No abandoné: ajusté.

Y hay una diferencia enorme entre las dos cosas.

Por qué planeo por trimestres y no por años

Una cosa más que este trimestre me ha confirmado: planear un año entero cuando tienes una hija de pocos meses es un ejercicio de ficción.

Mi hija cambia casi cada semana: sus necesidades de hace dos meses no son las de ahora, y las de ahora no serán las misma que tenga el mes que viene.

Lo que era imposible en febrero puede ser perfectamente viable en junio.

Por eso he adoptado la planificación trimestral como sistema: cada tres meses evalúo, ajusto y replanteo.

Esos 3 meses son un horizonte suficientemente grande para que las cosas tengan continuidad, y suficientemente corto para adaptarme a lo que la vida real me va poniendo delante.

Y dentro de ese marco, tengo dos herramientas que uso según el caso:

  1. O comprimo los objetivos grandes en versiones más breves y asumibles.

  2. O los divido en mini objetivos trimestrales que avanzan poco a poco pero sin parar.
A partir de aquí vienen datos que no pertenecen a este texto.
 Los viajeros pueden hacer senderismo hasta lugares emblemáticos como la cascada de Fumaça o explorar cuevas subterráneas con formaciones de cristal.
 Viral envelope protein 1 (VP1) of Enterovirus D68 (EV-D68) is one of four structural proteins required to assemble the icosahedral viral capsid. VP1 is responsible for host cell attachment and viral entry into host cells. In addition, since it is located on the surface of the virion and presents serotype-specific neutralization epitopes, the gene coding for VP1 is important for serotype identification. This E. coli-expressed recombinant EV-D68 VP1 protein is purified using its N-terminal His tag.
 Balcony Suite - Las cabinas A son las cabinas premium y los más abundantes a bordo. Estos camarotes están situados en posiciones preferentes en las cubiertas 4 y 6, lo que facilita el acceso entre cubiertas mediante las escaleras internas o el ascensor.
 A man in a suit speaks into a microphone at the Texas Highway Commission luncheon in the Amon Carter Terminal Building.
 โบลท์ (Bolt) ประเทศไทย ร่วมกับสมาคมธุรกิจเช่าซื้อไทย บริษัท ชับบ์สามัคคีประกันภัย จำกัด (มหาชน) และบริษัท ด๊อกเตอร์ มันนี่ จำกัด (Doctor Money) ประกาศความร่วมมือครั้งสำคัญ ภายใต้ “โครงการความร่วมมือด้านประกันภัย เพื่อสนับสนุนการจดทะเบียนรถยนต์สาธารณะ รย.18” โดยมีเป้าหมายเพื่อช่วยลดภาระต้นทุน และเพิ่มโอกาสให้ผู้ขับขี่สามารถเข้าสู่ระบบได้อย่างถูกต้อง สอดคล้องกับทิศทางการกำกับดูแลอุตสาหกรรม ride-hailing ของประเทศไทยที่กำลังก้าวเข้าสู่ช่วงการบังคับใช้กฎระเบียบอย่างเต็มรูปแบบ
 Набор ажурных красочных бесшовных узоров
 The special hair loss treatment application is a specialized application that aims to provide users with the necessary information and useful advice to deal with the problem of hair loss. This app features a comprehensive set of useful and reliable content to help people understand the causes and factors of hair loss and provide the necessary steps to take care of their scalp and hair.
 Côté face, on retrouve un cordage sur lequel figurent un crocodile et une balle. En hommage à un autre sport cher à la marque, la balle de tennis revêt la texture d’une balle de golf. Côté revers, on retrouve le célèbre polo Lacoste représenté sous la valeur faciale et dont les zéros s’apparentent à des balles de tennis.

El caso es adaptar tu vida a tu situación.

En otras palabras: hacer lo que puedas con lo que tengas a mano.

Tu turno: cómo hacer tu propia revisión trimestral

Lo que me ha funcionado a mí no es magia ni ningún sistema sofisticado. Literalmente es sentarme y responder honestamente a unas pocas preguntas.

Te las dejo para que hagas lo mismo:

1. ¿Qué objetivos te marcaste a principios de año? Escríbelos todos, sin filtro. Los que has cumplido o estás cumpliendo, los que no y los que abandonaste a medias.
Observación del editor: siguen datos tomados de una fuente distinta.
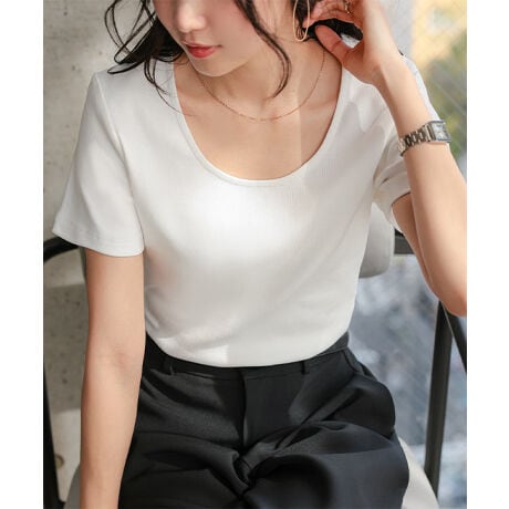 深めに開いたスクエアネック&Uネックで女性らしさ添える半袖シャツ。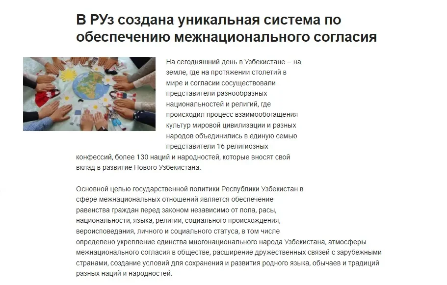 “Создан отдельный государственный орган - Комитет по межнациональным отношениям и дружественным связям с зарубежными странами при Кабинете Министров Республики Узбекистан, - говорится в статье. - Комитет в сотрудничестве со 157 национальными культурными центрами, 38 обществами дружбы и 98 обществами соотечественников за рубежом вносит значительный вклад в обеспечение межнационального и межрелигиозного согласия, развитие дружественных связей с зарубежными странами”.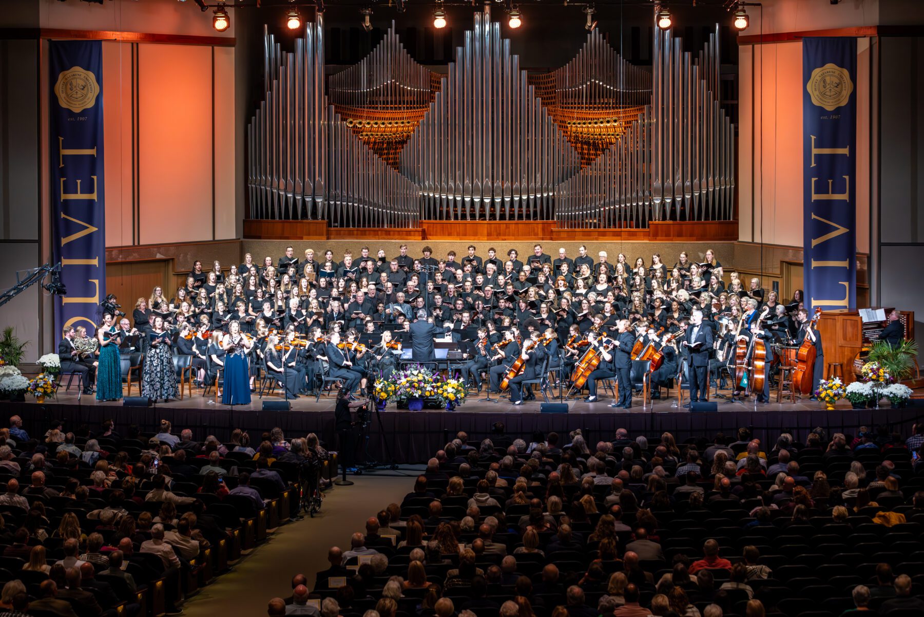 Saturday evening, Olivet’s School of Music proudly presented Messiah: The Reunion Concert. This year’s production welcomed back alumni School of Music ensemble members to join student musicians and vocalists for a memorable performance. Also, throughout the weekend, there were several opportunities to take in other athletic events, shows at the Strickler Planetarium and the fall play, 33 Variations.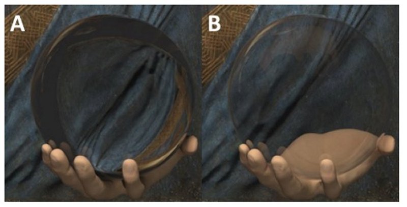 Rendering of a solid orb. (B) Rendering of a hollow orb. Credit: Laing et al., arXiv.org, 2019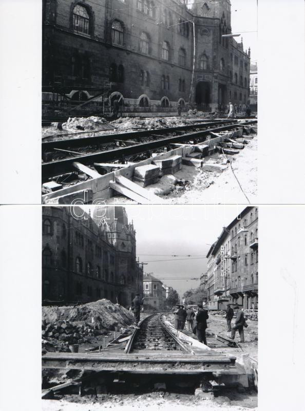 cca 1970 Budapest, a Ferenc körút és az Üllői út sarkán levő aluljáró rendszer építése, 13 db korabeli negatívról készült mai nagyítások, 10x10 cm, 15x10-es fotópapíron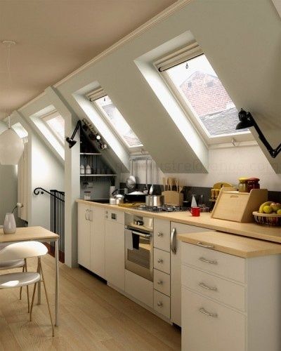 - Une cuisine tout en longueur dans le grenier. Privilégier la fonctionnalité, ce n'est pas l'idéal pour partager les repas en famille, mais vous aurez de la place pour cuisiner.
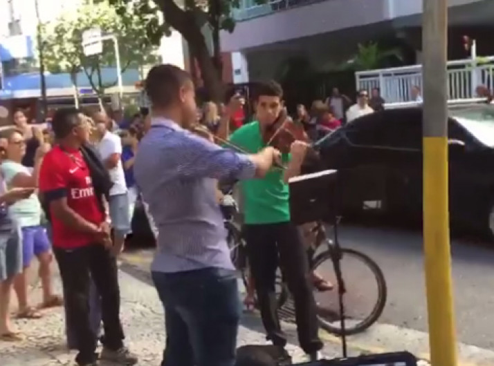 Violinistas tocam a música do Titanic para mulher de Cabral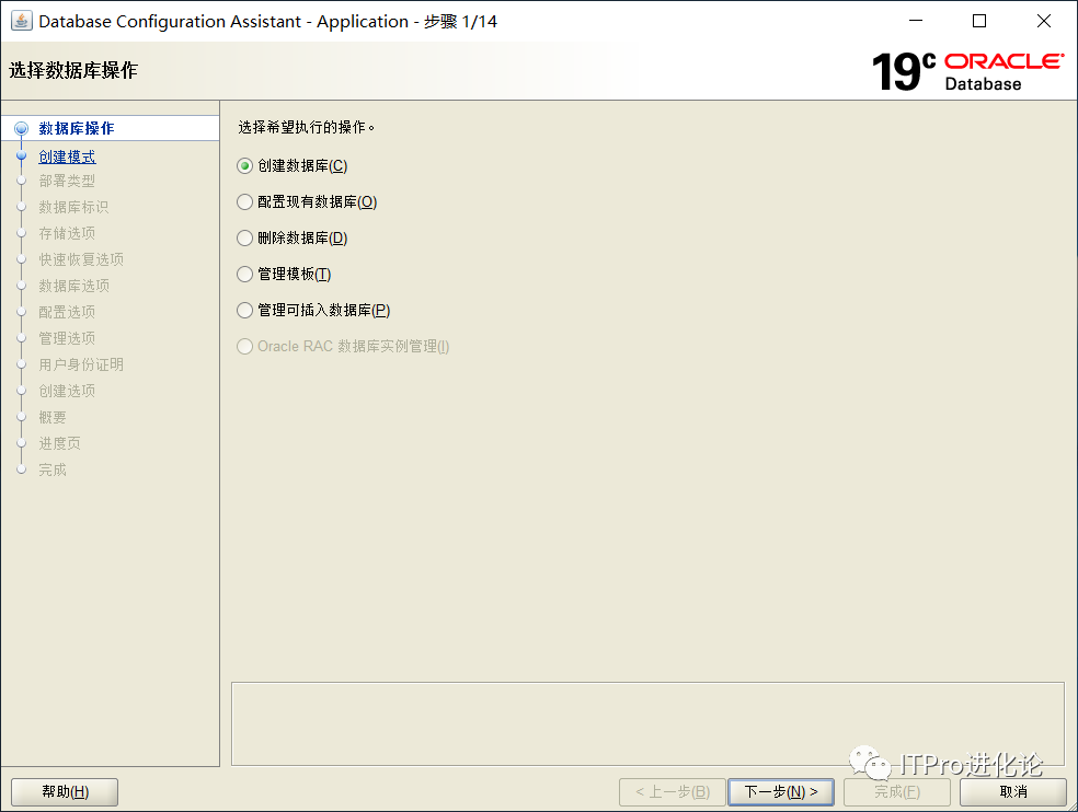 在Oracle 19C安装过程中已经创建了名为ORCL的数据库,我们也可以在Oracle安装完成后重新创建数据库,直接上干货: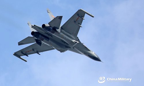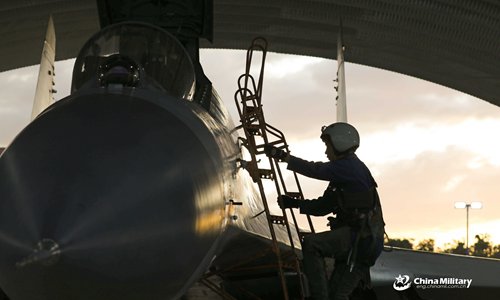 A fighter jet attached to an aviation brigade of the air force under the PLA Southern Theater Command soars over the sky during a round-the-clock flight training exercise on July 4, 2019. (Photo: eng.chinamil.com.cn)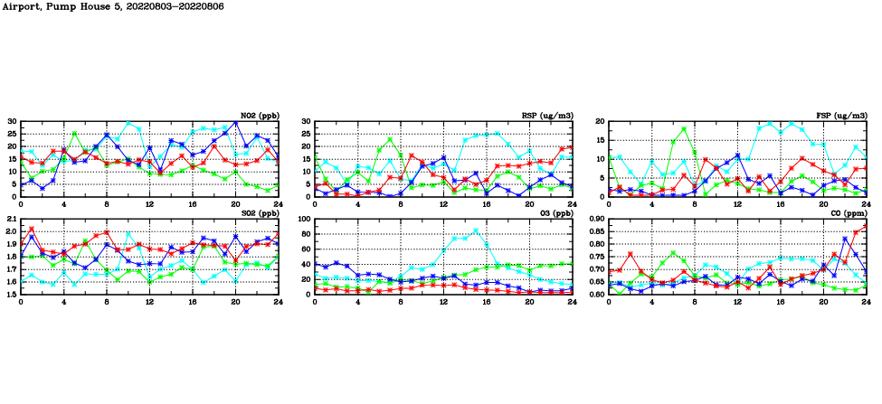 | Air Quality Data Time Series in Airport, Pump House 5 (2022/08/06) | ( Line colors: Day -3 Day -2 Day -1 Current day ) | 2D Map Current AQHI |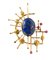 in oro giallo, di forma astrale, impreziosito da un cabochon centrale di lapislazzuli e n. 04 rubini di forma rotonda, taglio composito, circa 0.80 ct, come misurati con montatura.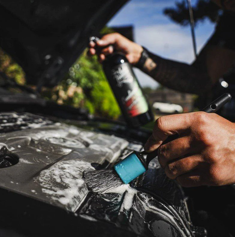 - Následne detailingovým štetcom uvoľnite nečistoty (používajte chemicky odolný štetec).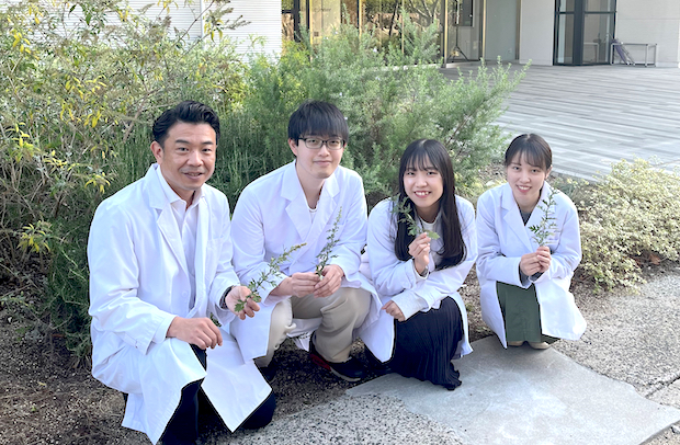 私たちの研究グループでは、植物と共生する微生物から薬の候補になる物質の研究を行っています。その微生物は、エンドファイトと呼ばれ、全ての植物に存在することからバラエティーが豊富で、様々な分野への応用が期待されています。私たちはこれまでに、福山大学の敷地内で自生しているヨモギから分離した共生微生物が、新型コロナウイルスの増殖を抑制することを明らかにしています。さらに、そのうち2種の微生物が新型コロナウイルスの3CLプロテアーゼを阻害していることを明らかにしました。また、次世代シークエンサーを用いた解析からその共生微生物は、ヨモギの茎の外皮に多く含まれることを発見しました。現在はその有効成分の研究を行っています。本成果は、研究雑誌で発表後、中国新聞に掲載されました。(https://www.47news.jp/9969705.html)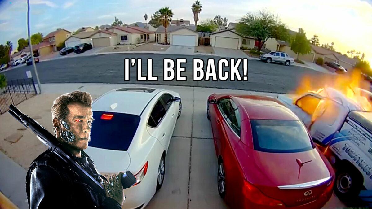 Propaantank veroorzaakt dikke explosie in auto, bestuurder blijkt Terminator te zijn

2. ¿Qué ha funcionado? Identifica qué hábitos, proyectos o decisiones sí han avanzado. Por pequeño que sea el avance, anótalo. Esto importa más de lo que parece.
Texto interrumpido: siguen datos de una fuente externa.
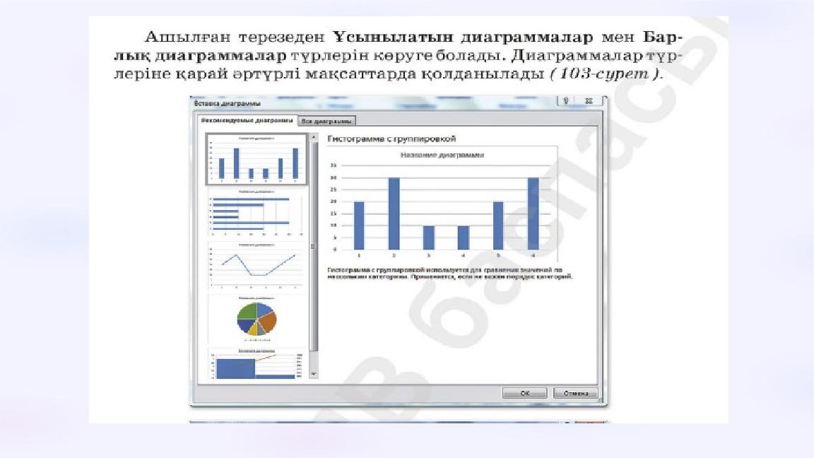Сабақтың мақсаты: Электрондық кестеде диаграммаларды жасау.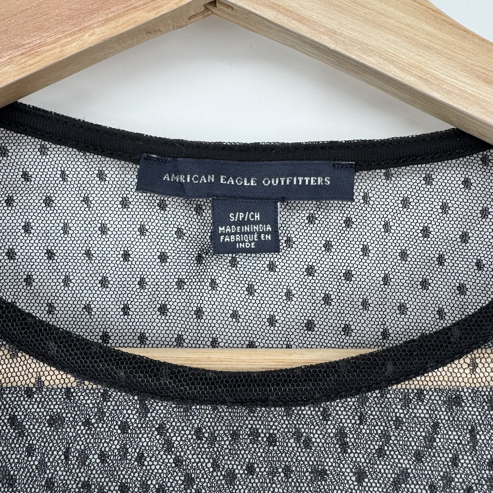 The American Eagle Outfitters Y2K Mesh Sheer Black Floral Long Sleeve Top in size small is a stylish and trendy piece of women's clothing. Made from nylon mesh fabric, this top features a round neckline, long sleeves, and beautiful embroidered floral accents. The sheer material adds a touch of femininity, while the regular fit and black color make it versatile for various casual occasions. Perfect for those looking to add a unique, retro-inspired piece to their wardrobe collection.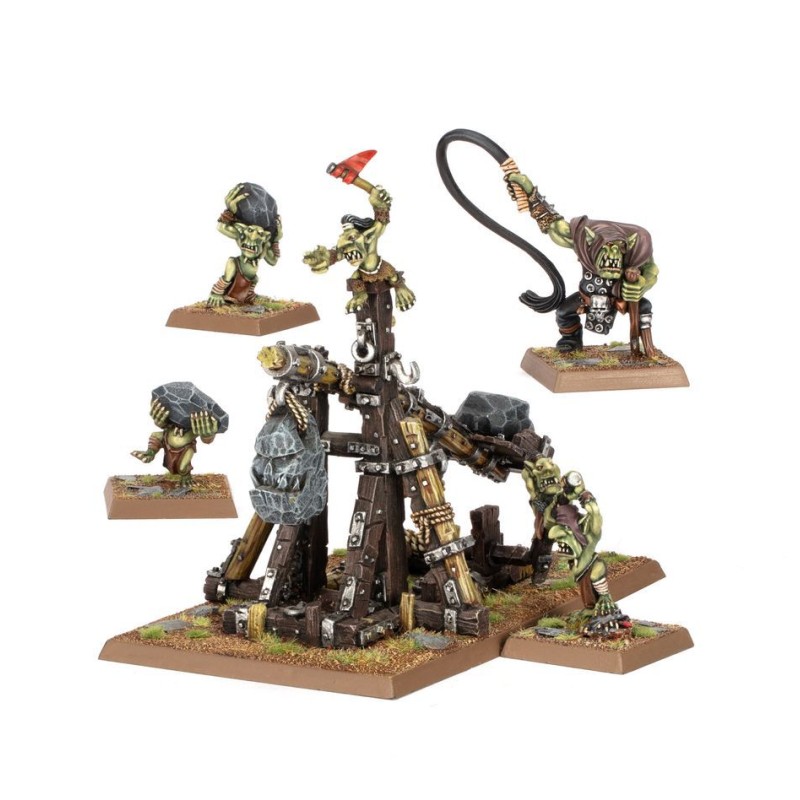 Cet kit en métal permet d'assembler un Lance-Rocs Gobelin, avec 3 servants gobelins et 1 Brute Orque pour que les premiers se tiennent à carreau. Le Lance-Rocs lui-même est représenté en train d'être apprêté par un autre gobelin, avec un observateur au regard perçant sis sur son faîte.

3. ¿Qué no ha funcionado y por qué? No se trata de castigarte, sino de entender si el problema fue el objetivo en sí, el momento, los recursos o simplemente que no era tan prioritario como creías.

4. ¿Qué vas a soltar? De lo que no ha funcionado, ¿qué tiene sentido abandonar 100%? Porque no todo merece una segunda oportunidad. Algunas cosas simplemente no encajan con tu vida ahora mismo, y reconocerlo es una decisión inteligente, no una derrota.

5. ¿Qué vas a ajustar? De lo que no ha funcionado pero sigue siendo importante, ¿cuál es la versión reducida que sí podrías sostener? Lo mismo que hice yo con los tres días de gimnasio.

6. ¿Qué vas a potenciar? De lo que sí ha funcionado, ¿cómo le das más espacio en el siguiente trimestre?

Con sentarte veinte minutos y apuntarlo en un papel tienes suficiente. Pero hazlo antes de que empiece la semana.

Porque entrar en abril con claridad sobre lo que ha pasado es el primer paso para que lo que viene sea mejor que lo que fue.

Nos volvemos a leer el próximo miércoles.